Only the top 40 restaurants were ranked in 2011's Best Restaurants list.
Ethiopian cooking is home cooking—to look for finery is to miss the point. But this two-story cafe is more exacting than any in the area, making it an excellent entry point for those new to wats and tibs as well as a rewarding stop for diners eager to experience the depth of the cuisine at its best.
Tiwaltenigus Shengelegne runs the kitchen, as she did for many years at the late, great Fasika’s in DC’s Adams Morgan, spooning her signature doro wat and crusty-edged lamb tibs onto rounds of injera, the spongy, sour bread that serves as both plate and utensil. Those stews are as rich and concentrated as a wine reduction, rendering the occasionally chewy meats in them almost beside the point.

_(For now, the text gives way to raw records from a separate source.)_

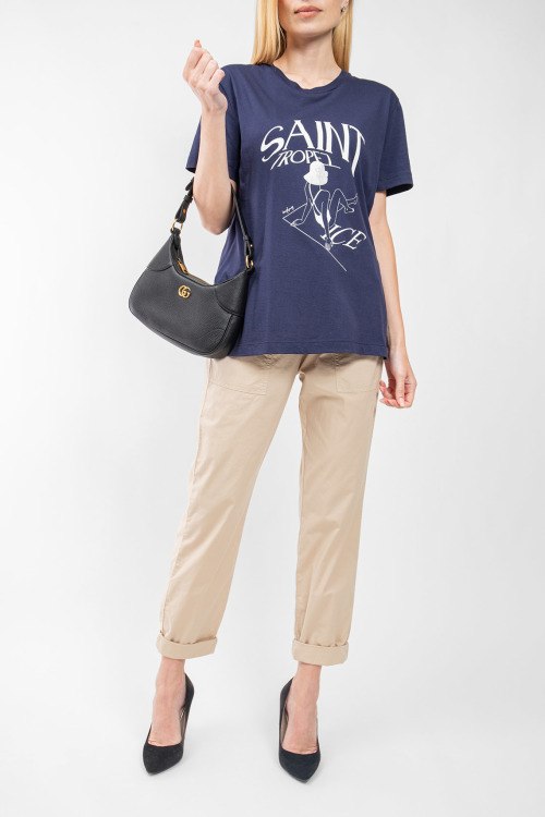 Женские бежевые хлопковые брюки от Deha (Деха). Эластичный пояс на завязках, боковые и задние карманы, нашивка с логотипом сзади, укороченная длина.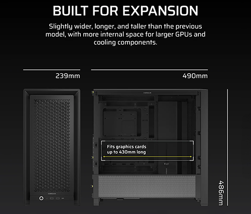 בהשוואה לפאנל הקדמי של 4000D Airflow הקודם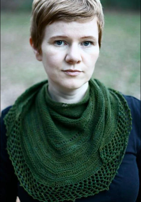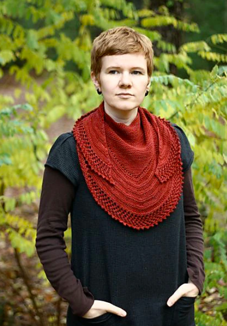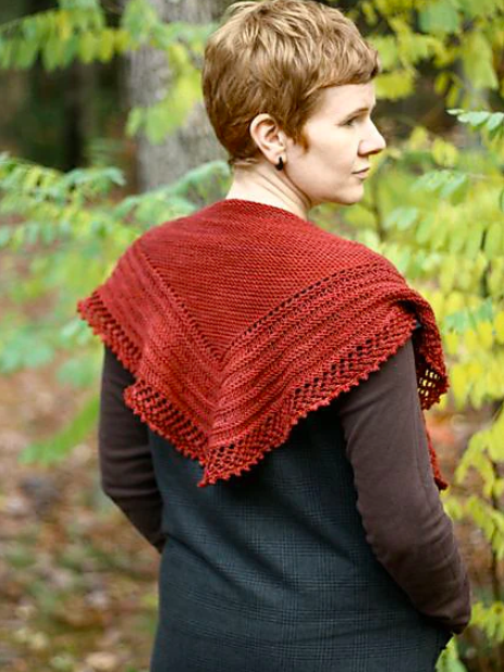 This shawl begins with a Shetland construction method to create the center triangle. Stitches are then easily picked up from the yarn over loops that are formed down two sides. The rest of the shawl is worked outwards in a semi-circular construction using two different sized needles to create a simple and fun stitch pattern. The shawl is then finished with a little bit of lace and a picot bind off.

Owner Yared Tesfaye, Shengelegne’s son, has created a bistro-like setting (cocktails, mood lighting, polished wood floors) to play against the rusticity of his mother’s cooking. Modernity and tradition have seldom fit so well.
Also good: Sambusas, crispy lentil pastries; yebeg wat, a fiery lamb stew; vegetarian platter, including kik alicha (yellow split peas), mesir wat (red-lentil stew), gomen (collard greens), and azifa (green-lentil stew with Ethiopian mustard and jalapeños).
Open daily for lunch and dinner. Inexpensive.